[jira] [Comment Edited] (LUCENE-7398) Nested Span Queries are buggy

Christoph Goller (JIRA) Tue, 06 Sep 2016 08:39:30 -0700

    [ 
https://issues.apache.org/jira/browse/LUCENE-7398?page=com.atlassian.jira.plugin.system.issuetabpanels:comment-tabpanel&focusedCommentId=15466888#comment-15466888
 ]


Christoph Goller edited comment on LUCENE-7398 at 9/6/16 3:37 PM:
------------------------------------------------------------------

After thoroughly reviewing the current implementations of SpanNearQuery, 
PhraseQuery and MultiPhraseQuery I see some problems and inconsistencies. I 
volunteer to fix at least some of these problems, but first I would like to 
have a consensus about the desired bahavior of SpanQuery. This ticket may not 
be the right place for such a discussion, so please point me to a better place 
if there is one. 

1) Missing Matches caused by lazy iteration:

I think lazy iteration is not a new thing in Lucene SpanNearQuery. As far as I 
know there never was an implementation that compared all possible combinations 
of subspan matches for SpanNearQuery in Lucene. So SpanNearQuery always missed 
some matches.

*) This ticket demonstrates missing matches for ordered SpanQuery. Documents 
that should match don't match. This is caused by subspans of SpanNearQuery 
having a variable match length. For these cases the lazy iteration 
implementation which tries to optimize the number of comparisons of subspan 
matches is not sufficient.

*) Tim tried these examples with unorderd SpanQuery and got the same bahavior. 
I think this is caused by a similar kind of lazy iteration in the unordered 
case.

*) In the unordered case lazy iteration also causes problems if the subspans do 
not have variable-length matches. This is demonstrated in LUCENE-5331 and 
LUCENE-2861. Tim, thanks for pointing to these tickets. In these examples all 
clauses of the SpanNearQuery were SpanTermQueries, but some occured more than 
once. For PhraseQuery and MultiPhraseQuery and their implementation in 
SloppyPhraseScore this seems to be a known problem that has been solved by a 
special complex treatment of repetitions that I currently don't understand in 
detail.

My current opinion: We should give up lazy iteration for the unordered and the 
ordered case to solve these problems. I think it can be done and the 
performance peanalty should not be too big. We already iterate over all 
positions of all subspans. So we already have done the expensive operation of 
reading them.
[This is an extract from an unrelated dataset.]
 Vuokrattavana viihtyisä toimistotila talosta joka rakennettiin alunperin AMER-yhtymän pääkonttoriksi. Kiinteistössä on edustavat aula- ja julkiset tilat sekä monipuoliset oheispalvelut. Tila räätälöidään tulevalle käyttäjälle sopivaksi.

Should some more comparisons of int-values (positions) really 
matter so much? At least for the ordered case I am optimistic that I could 
implement it efficiently.

2) Inconsistent Scoring of SpanNearQuery

*) Lazy iteration means that some "redundant" matches in a document are skipped 
in order to have a faster matching algorithm. I am not sure how redundant was 
defined exactly for the idea of lazy iteration. It referred to matches with the 
same start posisiton somehow. As long as different matches for the first clause 
are concerned, they are found, but not the all matches for intermediate 
subclauses are regarded. Skipping matches however reduces the frequency that is 
computed and consequently the score. See Javadoc of phraseFreq() in 
SloppyPhraseScore which mention the same phenomenon. This is quite important 
for my use case of SpanQueries. I have different versions/variants of the same 
term on the same position, e.g. one with case-normalization and one without and 
I want a higher score if the user-query matches for more than one variant, and 
I use this approach for clauses of SpanNearQuery.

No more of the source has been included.